National Team AI Controversy, Finding Hints in Black and White Chefs
Key Points
- 1A controversy has arisen over South Korea's national AI model selection due to the ambiguous "From Scratch" criterion, sparking debate between purism and the practical use of open-source models.
- 2The article uses an analogy from a cooking show to highlight the difficulty in defining "From Scratch" for AI, comparing open-source models to pre-made stock or soy sauce, where their status as a "single ingredient" is debated.
- 3The author argues that the government should establish clear, pragmatic standards to end the debate, asserting that the true objective is to foster globally competitive AI, not to enforce an impractical "purity" that hinders progress.
This paper discusses the ongoing controversy surrounding South Korea's national AI model selection process, specifically regarding the "From Scratch" development requirement. The government initiated this project to enhance Korea's AI competitiveness by supporting a "representative foundational model" built purely with domestic technology. However, the definition of "From Scratch" in the context of AI remains ambiguous, leading to a heated debate.
The core of the controversy lies in whether AI models developed using open-source components should be considered "From Scratch." The term "From Scratch" originates from cooking, meaning to prepare a dish entirely from basic ingredients, avoiding pre-made or semi-finished products. While this concept signifies self-reliance in AI development, its application poses challenges: it's unclear what constitutes "basic ingredients" in AI, and to what extent architectures, public research papers, or open-source code are permissible. This has led to a conflict between "purity," advocating for strictly original development, and "realism," arguing that leveraging open-source, a global standard, is practical and necessary.
To illustrate this dilemma, the author draws an analogy from the cooking show "Black and White Chef 2." In the show, a contestant faced controversy for using "brown veal stock" as one of their ten permitted sub-ingredients. Brown veal stock, while seemingly a single ingredient, is itself a complex preparation involving roasting bones and vegetables, and simmering for extended periods—an "already completed base" that condenses numerous ingredients and a chef's time.

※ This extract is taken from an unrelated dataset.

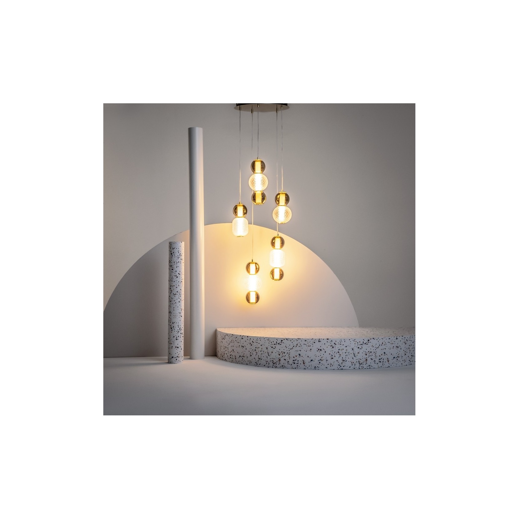 La suspension Drop est un exercice de style qui joue avec les transparences et les textures pour créer une atmosphère magnétique. Caractérisée par une composition verticale d'éléments géométriques en verre, cette lampe n'est pas seulement un luminaire, mais une sculpture suspendue qui ajoute une touche d'élégance sophistiquée à tout intérieur moderne.

Viewers debated whether counting it as a single ingredient was fair, aligning with the "letter of the rule" but perhaps not its "spirit." This situation is directly paralleled to open-source foundation models in AI: they appear as single entities but encapsulate immense capital, computing resources (e.g., hundreds of billions of Korean Won, thousands of GPUs), and vast data accumulation. Using them allows for significantly faster development of high-quality AI models.

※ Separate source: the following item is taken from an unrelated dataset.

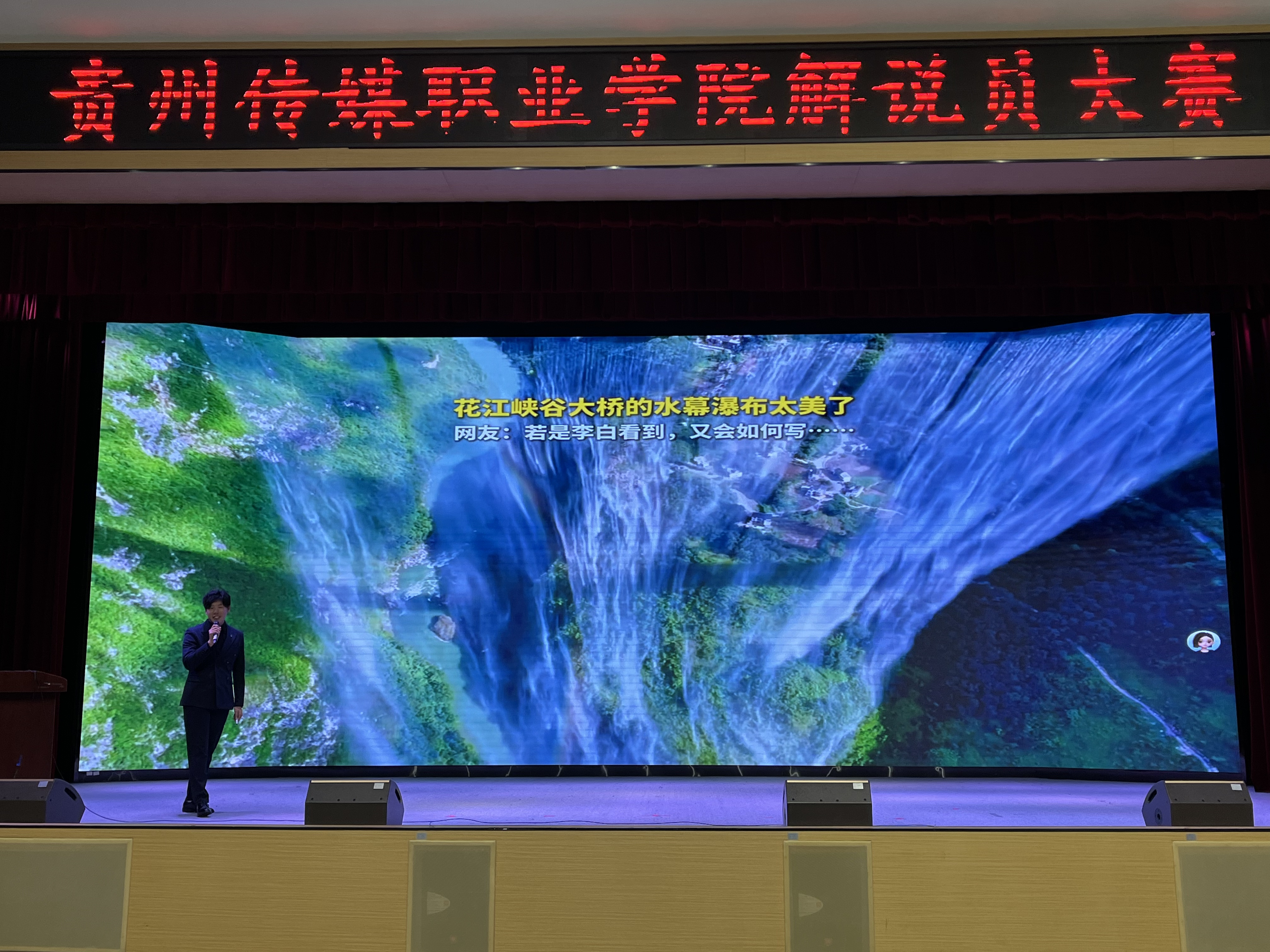 经过主题解说、语言表达及临场应变等多维度综合评比,新闻传播系王泽同学凭借对“安顺地域文化”的深情解读、出色现场掌控力及创意视频剪辑,荣获大赛一等奖。

The paper further extends the analogy by asking, "If brown veal stock is problematic, what about soy sauce?" Soy sauce, despite its simple appearance, also involves a complex, time-consuming fermentation process from numerous ingredients. Yet, it is universally accepted as a "basic ingredient" in cooking without controversy, indicating a "social consensus." In the "Black and White Chef" example, the production team accepted the brown veal stock as one ingredient, and the judges evaluated the dish solely on its culinary merit, prioritizing the "game" over a perfect definition.

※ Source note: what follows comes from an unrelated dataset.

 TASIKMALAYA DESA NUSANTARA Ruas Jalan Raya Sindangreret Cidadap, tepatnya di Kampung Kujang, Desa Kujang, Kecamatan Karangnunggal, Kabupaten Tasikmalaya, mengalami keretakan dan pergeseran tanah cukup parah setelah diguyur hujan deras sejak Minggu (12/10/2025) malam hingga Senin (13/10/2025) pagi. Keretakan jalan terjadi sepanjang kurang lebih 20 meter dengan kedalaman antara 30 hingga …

The author argues that this presents a crucial hint for the government: instead of endlessly debating the "purity" of ingredients like stock or soy sauce, which lack a single "mathematical formula" answer, the focus should be on establishing clear "criteria" to end the unproductive debate. The true objective of the national AI project is to foster "strong" AI models capable of competing globally, not necessarily "pure" models that avoid every line of foreign code. The use of open-source is merely a means, not the end goal. Just as a chef's skill isn't diminished by using soy sauce, an AI company's technical prowess shouldn't be invalidated by utilizing open-source. The paper concludes by emphasizing the critical importance of time. While the nation deliberates the definition of "From Scratch," global tech giants are already advancing to the next generation of AI models. Excessive deliberation risks missing the global race entirely.